Skip to content

What's New in Baleen 2.7.0

James Baker edited this page May 8, 2019 · 4 revisions

Baleen 2.7.0 was released on 8th May 2019. The release notes for v2.7.0 lists all the changes in this release, but this page contains additional examples and information of significant changes.

Content Extractors are now first class Baleen objects

This enables content extractors to use Baleen Resources, which was not previously possible.
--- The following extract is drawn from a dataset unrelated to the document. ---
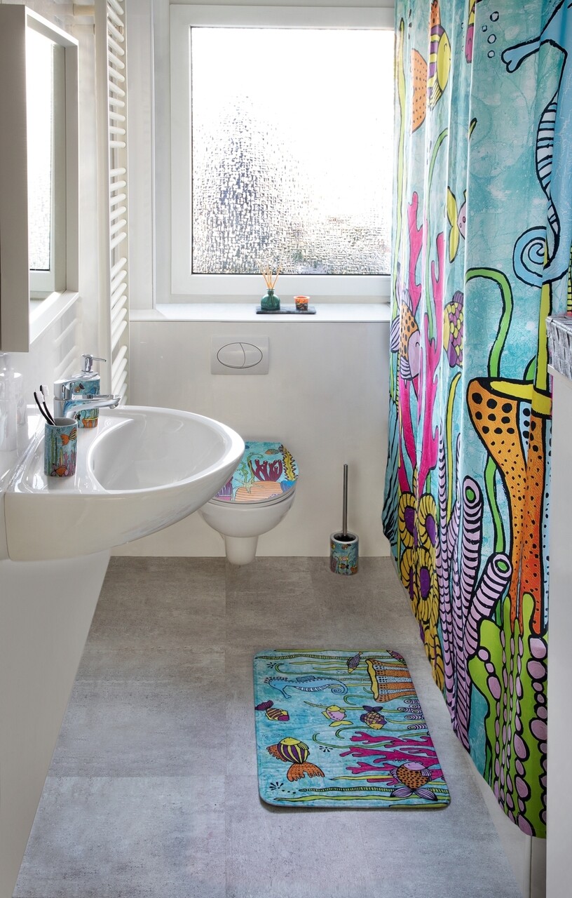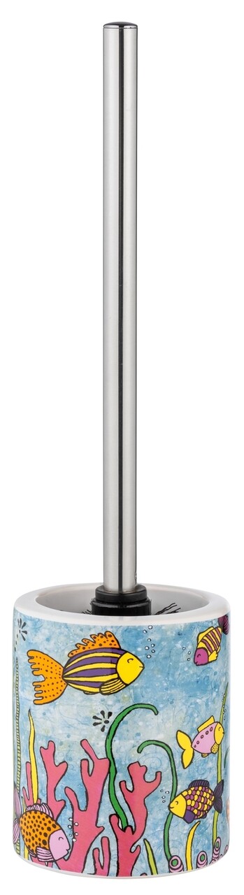 Perie pentru toaleta cu suport, Wenko, Ocean Life, 10 x 39 x 10 cm, ceramica, multicolor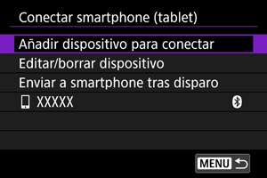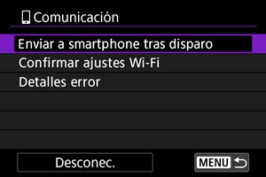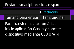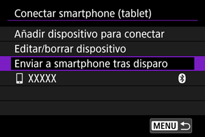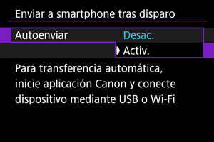 Puede enviar las fotografías a un smartphone automáticamente. Antes de seguir estos pasos, asegúrese de que la conexión Wi-Fi entre la cámara y el smartphone haya finalizado.

This is a potentially breaking change for third party collection readers which specifically depend of a content extractor

The yaml pipeline syntax has also changed but in this case backwards compatibility has been maintained, so existing pipeline yaml files should still be valid. For example the following two yaml files are equivalent and valid

New syntax

collectionreader:
  class: FolderReader
  folders: input
  
contentextractor: TikaContentExtractor

Old syntax

collectionreader:
  class: FolderReader
  folders: input
  contentExtractor: TikaContentExtractor

Using the new syntax content extractor parameters may be specified as

contentextractor:
  class: CsvContentExtractor
  contentColumn: 2

Extension of yaml "include" functionality

Baleen 2.6.0 introduced the ability to include common sets of pipeline entities within a nested yaml file, for example the following yaml file would include a list of annotators

annotators:
-include: path/to/my/annotators.yml

It is now also possible to include an entire map section, for example

include: collectionreader.yml

annotators:
- insert (or include) annotators here

consumers:
- insert (or include) consumers here

where collectionreader.yml contains

collectionreader:
  class: FolderReader
  folders: input